The two most common comparisons the film gets are Southland Tales and The Fountainhead.  I think only the latter makes sense.  Megalopolis and Southland Tales feel similarly bewildering when you're watching them, but the lingering effect of Southland Tales is different. In Southland Tales, the world is overwhelming.  Megalopolis hovers above it.  Cesar Catalina is too much of a genius for it.  

The two lead women are Aubrey Plaza as an evil gold-digging vamp and Nathalie Emmanuel as a demure wife who defends her husband from the doubters.  There is also Grace VanderWaal as a more minor character.  She's a Taylor Swift-esque pop star who we are initially led to believe is 17, but is actually 23.  This is all a part of a brief subplot in which Cesar Catalina is exonerated for allegations of sexual misconduct. 

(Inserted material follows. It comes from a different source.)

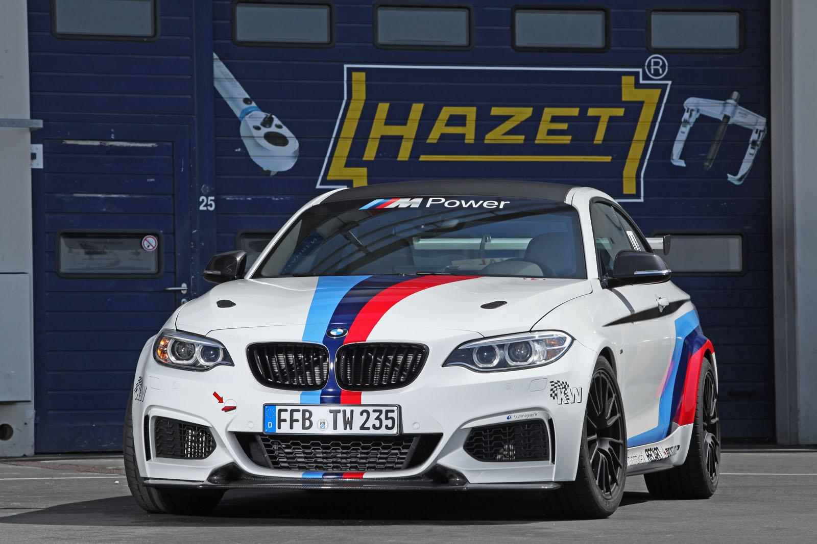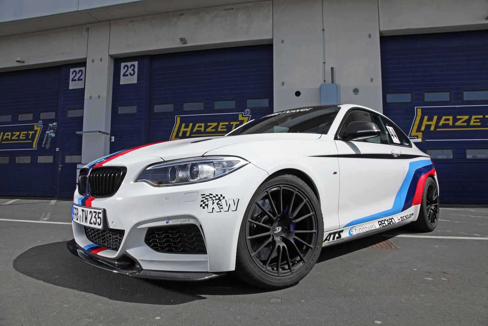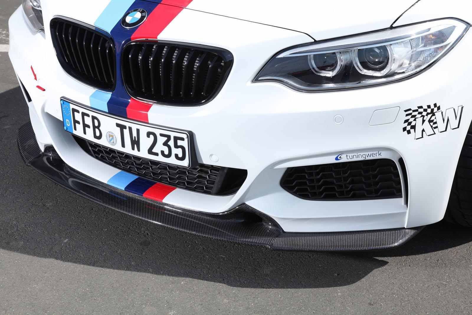 A német Tuningwerk szakemberei mindenesetre ezt és a 450 Nm nyomatékot is kevesellhették, mert a képeken látható RS verzió – egyebek mellett – alumínium olajteknővel, sportkipufogóval 444 lóerőt és 600 Nm-t kínál. Százra 4,3 mp kell csak neki 6 fokozatú manuális váltóval, átdolgozták a hűtőt, a futóművet és a féket is. A 18 colos könnyűfém kerekekre Dunlop SportMaxx RT abroncsokat húztak. Bent Recaro ülés van opciósan hatpontos biztonsági övvel, sportkormánnyal és szénszálas dekorral – a csomag alapból 19 ezer eurót kóstál, az M235i RS-ért minimum 65 ezer eurót, durván 20 millió forintot kérnek.

There are hundreds of highly acclaimed films--check the "Sight and Sound" list--about men's fears and fantasies about women, or which show women being neglected or mistreated.  It's almost a tradition in auteurist discourse to declare that these elements make the films fascinating and complicated, because they give us a look at the deep, dark pathologies of our auteurs.  (If we address these elements at all.)  See 8 1/2 and Vertigo.  It's not all just cope.  Sometimes these films are quite interesting.  But go through the auteurist canon and it frankly becomes exhausting finding example after example of confessional misogyny.  I know, it's not stylish to sully the divine purity of art with messy, earthly politics.

I'm not saying auteurism itself is the problem.  But there's a certain machismo attached to it.  Godard said all a movie needs is "a girl and a gun."  People treat it like a competition.  Andrew Sarris put some filmmakers in the category labelled "Pantheon" and others in "Less than Meets the Eye."  Fans and critics posture over who's best at putting themselves through "difficult" films, or being above petty ideological concerns to see through to the art underneath. 

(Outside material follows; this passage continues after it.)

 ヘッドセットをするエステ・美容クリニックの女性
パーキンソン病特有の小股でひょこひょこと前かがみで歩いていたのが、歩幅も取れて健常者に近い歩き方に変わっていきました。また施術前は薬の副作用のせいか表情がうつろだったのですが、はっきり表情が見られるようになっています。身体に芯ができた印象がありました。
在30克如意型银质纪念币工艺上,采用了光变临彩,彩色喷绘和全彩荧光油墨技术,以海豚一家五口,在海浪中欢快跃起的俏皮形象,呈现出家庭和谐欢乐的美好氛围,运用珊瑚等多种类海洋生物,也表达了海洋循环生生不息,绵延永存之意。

If this movie is reappraised, the reappraisers will have different things to say about it from the current fans.  I would guess they discuss the movie's sense of humor and how it looks; in those respects there really isn't anything I dislike about it.  And there is something poignant in the idea that Catalina discovered his world-changing technology trying to save his wife's life--with her gone, the only thing he can do to make himself feel better is to try to save all of humanity.